[RECORDS SUPPLIED — start]
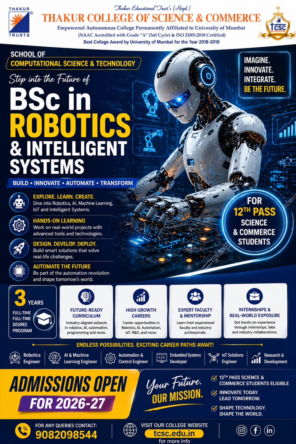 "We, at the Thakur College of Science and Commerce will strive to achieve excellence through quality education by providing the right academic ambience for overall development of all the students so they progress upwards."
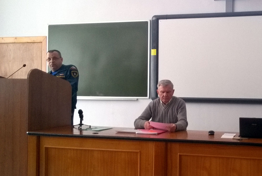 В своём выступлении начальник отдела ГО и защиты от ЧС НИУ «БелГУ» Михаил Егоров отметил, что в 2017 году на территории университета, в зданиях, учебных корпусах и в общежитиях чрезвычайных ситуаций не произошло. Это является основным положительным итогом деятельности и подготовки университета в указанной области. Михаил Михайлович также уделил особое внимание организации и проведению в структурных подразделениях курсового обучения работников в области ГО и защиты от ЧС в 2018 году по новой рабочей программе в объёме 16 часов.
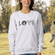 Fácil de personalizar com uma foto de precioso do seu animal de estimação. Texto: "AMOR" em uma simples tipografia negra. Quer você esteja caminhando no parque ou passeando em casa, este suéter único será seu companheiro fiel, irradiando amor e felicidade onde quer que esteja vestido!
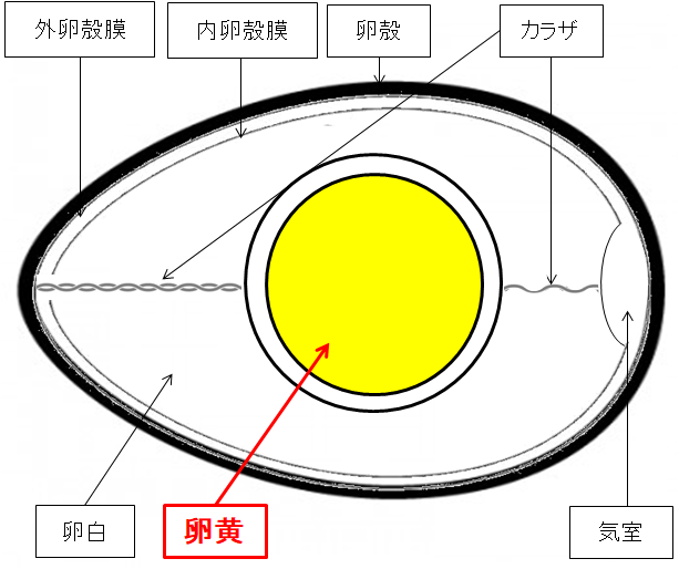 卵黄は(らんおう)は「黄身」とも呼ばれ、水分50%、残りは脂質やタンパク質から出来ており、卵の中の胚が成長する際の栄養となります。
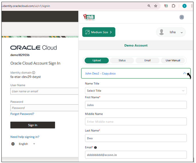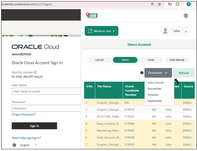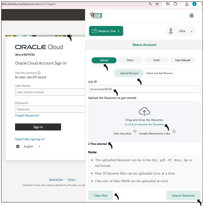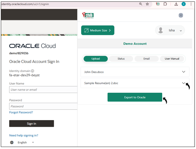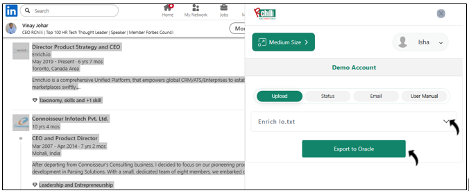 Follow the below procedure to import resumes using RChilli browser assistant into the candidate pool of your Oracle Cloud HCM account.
[RECORDS SUPPLIED — finish]
EXERCISE: All of the records above are to be copied exactly, minus the pictures.

ANSWER FOR THIS EXERCISE:
 "We, at the Thakur College of Science and Commerce will strive to achieve excellence through quality education by providing the right academic ambience for overall development of all the students so they progress upwards."
 В своём выступлении начальник отдела ГО и защиты от ЧС НИУ «БелГУ» Михаил Егоров отметил, что в 2017 году на территории университета, в зданиях, учебных корпусах и в общежитиях чрезвычайных ситуаций не произошло. Это является основным положительным итогом деятельности и подготовки университета в указанной области. Михаил Михайлович также уделил особое внимание организации и проведению в структурных подразделениях курсового обучения работников в области ГО и защиты от ЧС в 2018 году по новой рабочей программе в объёме 16 часов.
 Fácil de personalizar com uma foto de precioso do seu animal de estimação. Texto: "AMOR" em uma simples tipografia negra. Quer você esteja caminhando no parque ou passeando em casa, este suéter único será seu companheiro fiel, irradiando amor e felicidade onde quer que esteja vestido!
 卵黄は(らんおう)は「黄身」とも呼ばれ、水分50%、残りは脂質やタンパク質から出来ており、卵の中の胚が成長する際の栄養となります。
 Follow the below procedure to import resumes using RChilli browser assistant into the candidate pool of your Oracle Cloud HCM account.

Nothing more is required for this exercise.